---- TASK INPUTS
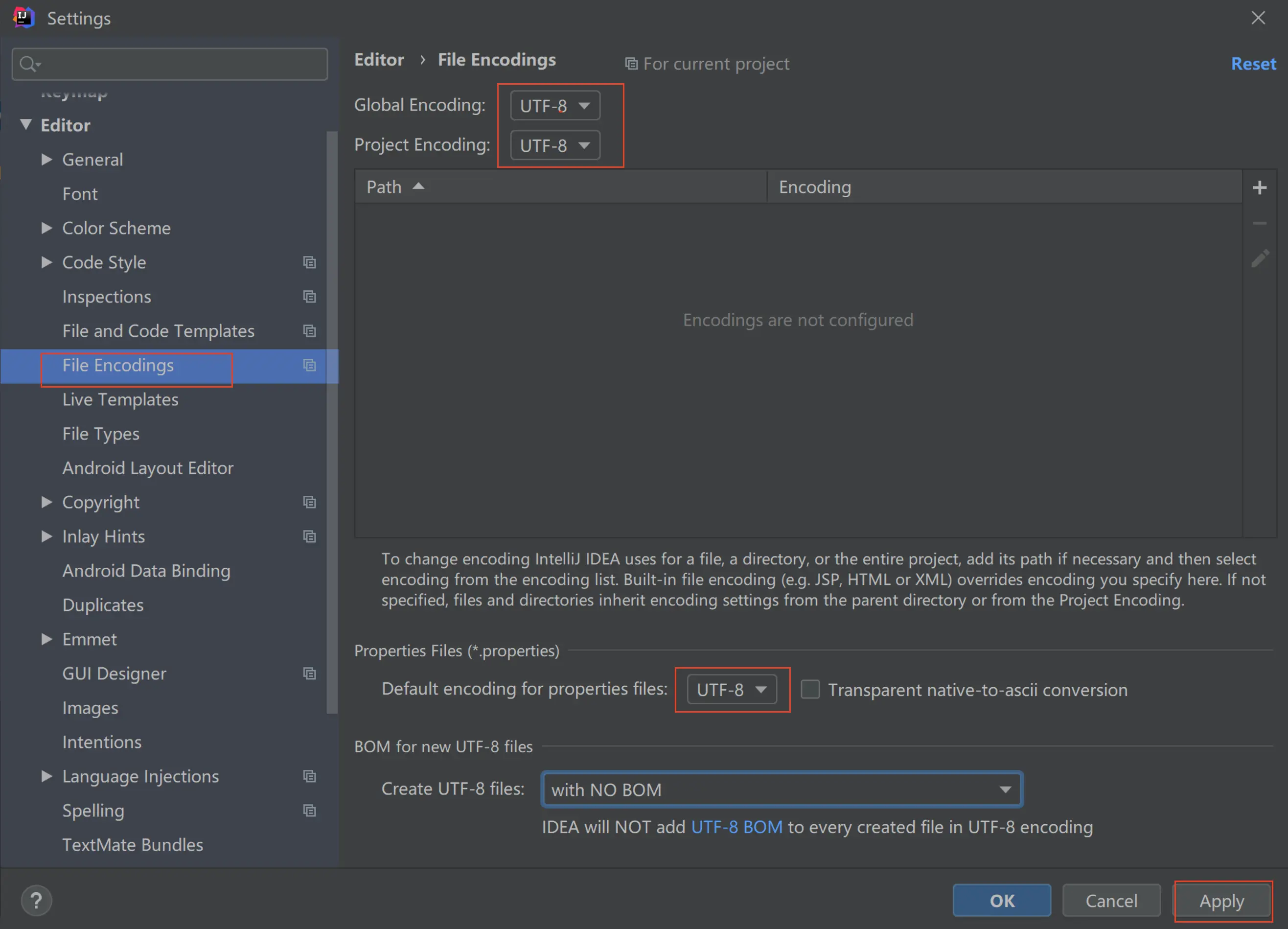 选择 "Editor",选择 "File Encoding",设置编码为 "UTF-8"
--------
---- TASK INPUTS
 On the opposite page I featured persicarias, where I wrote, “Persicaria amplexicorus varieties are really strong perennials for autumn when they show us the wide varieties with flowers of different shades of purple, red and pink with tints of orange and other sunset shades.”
--------
---- TASK INPUTS
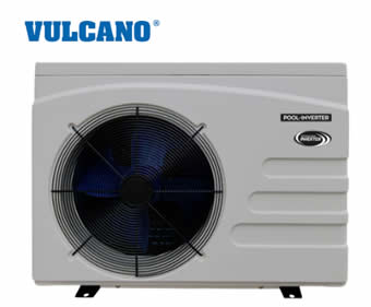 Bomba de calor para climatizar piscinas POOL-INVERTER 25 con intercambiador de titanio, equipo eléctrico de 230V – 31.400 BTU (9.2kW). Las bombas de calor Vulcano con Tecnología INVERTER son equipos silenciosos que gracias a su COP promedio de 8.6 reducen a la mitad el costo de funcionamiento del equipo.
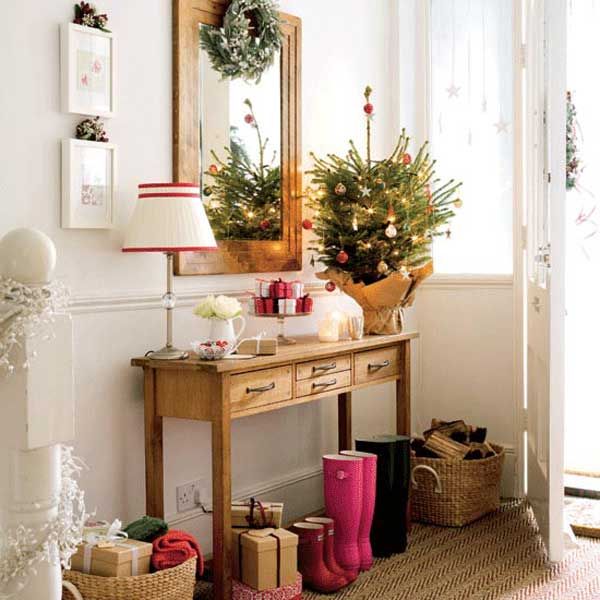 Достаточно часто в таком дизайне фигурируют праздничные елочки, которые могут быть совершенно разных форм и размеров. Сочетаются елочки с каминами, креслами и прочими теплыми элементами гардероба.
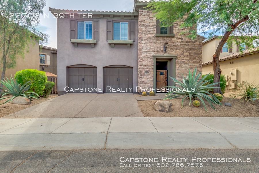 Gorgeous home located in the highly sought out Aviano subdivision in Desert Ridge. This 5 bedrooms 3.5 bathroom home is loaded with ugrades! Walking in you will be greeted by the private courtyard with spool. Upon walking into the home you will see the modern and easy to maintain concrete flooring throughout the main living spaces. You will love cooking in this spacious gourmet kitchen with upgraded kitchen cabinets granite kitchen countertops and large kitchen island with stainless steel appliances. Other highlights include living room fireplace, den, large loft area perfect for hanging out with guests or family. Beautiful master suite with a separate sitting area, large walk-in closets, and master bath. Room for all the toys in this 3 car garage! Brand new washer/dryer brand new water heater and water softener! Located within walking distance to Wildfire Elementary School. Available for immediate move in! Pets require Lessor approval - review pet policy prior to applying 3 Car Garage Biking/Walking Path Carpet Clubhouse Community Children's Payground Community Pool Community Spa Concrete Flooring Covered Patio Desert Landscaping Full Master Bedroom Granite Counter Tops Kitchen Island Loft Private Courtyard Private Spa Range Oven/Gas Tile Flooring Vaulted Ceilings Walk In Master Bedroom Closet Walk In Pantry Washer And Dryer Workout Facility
--------
■ YOUR TASK ■
Because only one stretch of the records is wanted, please output the lines from the one holding "Достаточно часто в" through the one holding "Gorgeous home located" exactly, both included, and leave every picture out.

■ SOLUTION TO THE EXERCISE ■
 Достаточно часто в таком дизайне фигурируют праздничные елочки, которые могут быть совершенно разных форм и размеров. Сочетаются елочки с каминами, креслами и прочими теплыми элементами гардероба.
 Gorgeous home located in the highly sought out Aviano subdivision in Desert Ridge. This 5 bedrooms 3.5 bathroom home is loaded with ugrades! Walking in you will be greeted by the private courtyard with spool. Upon walking into the home you will see the modern and easy to maintain concrete flooring throughout the main living spaces. You will love cooking in this spacious gourmet kitchen with upgraded kitchen cabinets granite kitchen countertops and large kitchen island with stainless steel appliances. Other highlights include living room fireplace, den, large loft area perfect for hanging out with guests or family. Beautiful master suite with a separate sitting area, large walk-in closets, and master bath. Room for all the toys in this 3 car garage! Brand new washer/dryer brand new water heater and water softener! Located within walking distance to Wildfire Elementary School. Available for immediate move in! Pets require Lessor approval - review pet policy prior to applying 3 Car Garage Biking/Walking Path Carpet Clubhouse Community Children's Payground Community Pool Community Spa Concrete Flooring Covered Patio Desert Landscaping Full Master Bedroom Granite Counter Tops Kitchen Island Loft Private Courtyard Private Spa Range Oven/Gas Tile Flooring Vaulted Ceilings Walk In Master Bedroom Closet Walk In Pantry Washer And Dryer Workout Facility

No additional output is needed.